# Aim of the task
Copy exactly the lines of the data below, beginning with the line with "Рис.3. Влияние формы" and ending with the line with "Incluso a través". Pictures are to be omitted.

# Information
= = = = =

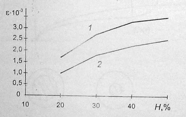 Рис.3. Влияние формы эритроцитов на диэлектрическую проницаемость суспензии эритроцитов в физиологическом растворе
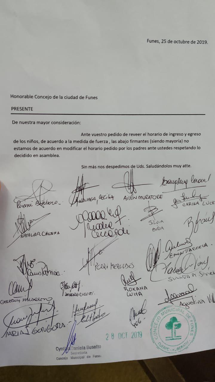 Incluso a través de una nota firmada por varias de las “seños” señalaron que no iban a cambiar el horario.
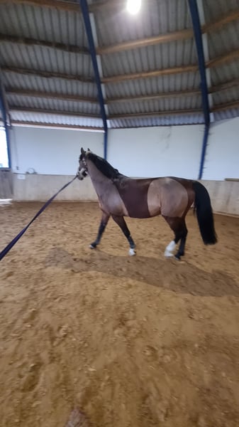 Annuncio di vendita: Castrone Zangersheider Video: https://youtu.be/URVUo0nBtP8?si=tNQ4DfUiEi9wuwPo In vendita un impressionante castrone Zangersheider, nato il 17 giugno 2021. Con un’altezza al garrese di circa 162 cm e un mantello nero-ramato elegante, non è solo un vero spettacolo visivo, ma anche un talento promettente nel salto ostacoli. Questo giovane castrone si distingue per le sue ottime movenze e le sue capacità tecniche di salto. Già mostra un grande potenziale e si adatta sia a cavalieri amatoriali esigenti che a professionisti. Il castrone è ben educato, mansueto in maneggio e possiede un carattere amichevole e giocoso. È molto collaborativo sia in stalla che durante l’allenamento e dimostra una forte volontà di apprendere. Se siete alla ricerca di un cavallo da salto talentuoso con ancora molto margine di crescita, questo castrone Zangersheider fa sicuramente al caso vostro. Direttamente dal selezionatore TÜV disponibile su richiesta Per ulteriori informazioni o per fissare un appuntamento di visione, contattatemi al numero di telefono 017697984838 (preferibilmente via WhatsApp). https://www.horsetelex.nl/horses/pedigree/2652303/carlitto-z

= = = = =

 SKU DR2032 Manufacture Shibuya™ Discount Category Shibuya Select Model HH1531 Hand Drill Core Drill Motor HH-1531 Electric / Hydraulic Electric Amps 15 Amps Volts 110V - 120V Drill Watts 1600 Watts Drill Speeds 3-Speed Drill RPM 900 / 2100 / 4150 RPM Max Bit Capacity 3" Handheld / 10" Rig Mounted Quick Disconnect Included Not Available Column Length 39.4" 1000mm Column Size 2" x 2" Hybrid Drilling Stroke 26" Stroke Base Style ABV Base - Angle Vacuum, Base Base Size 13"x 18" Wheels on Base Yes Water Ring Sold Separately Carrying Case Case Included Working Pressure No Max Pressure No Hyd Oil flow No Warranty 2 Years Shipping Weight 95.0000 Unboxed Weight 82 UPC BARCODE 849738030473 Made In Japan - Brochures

= = = = =

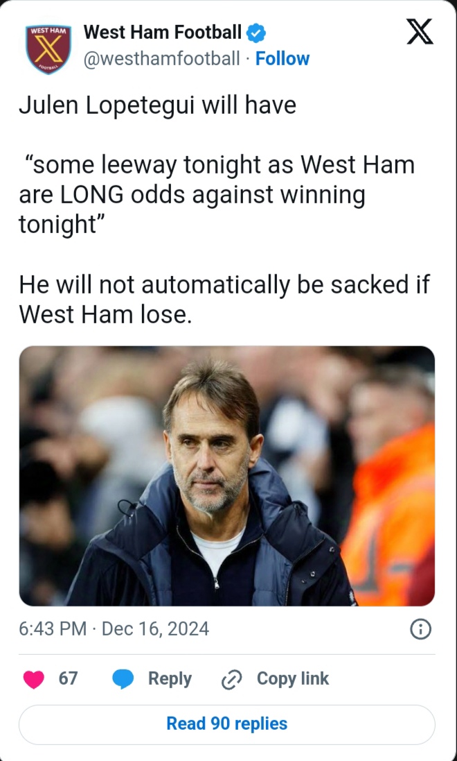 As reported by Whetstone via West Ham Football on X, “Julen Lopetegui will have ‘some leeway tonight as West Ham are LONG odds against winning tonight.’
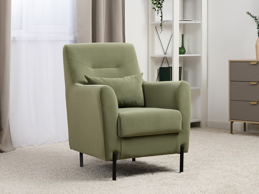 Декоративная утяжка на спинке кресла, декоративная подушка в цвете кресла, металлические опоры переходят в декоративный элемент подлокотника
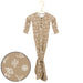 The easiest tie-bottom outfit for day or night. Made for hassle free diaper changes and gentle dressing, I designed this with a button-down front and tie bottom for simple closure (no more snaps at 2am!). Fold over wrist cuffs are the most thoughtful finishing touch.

= = = = =

# Task result
 Рис.3. Влияние формы эритроцитов на диэлектрическую проницаемость суспензии эритроцитов в физиологическом растворе
 Incluso a través de una nota firmada por varias de las “seños” señalaron que no iban a cambiar el horario.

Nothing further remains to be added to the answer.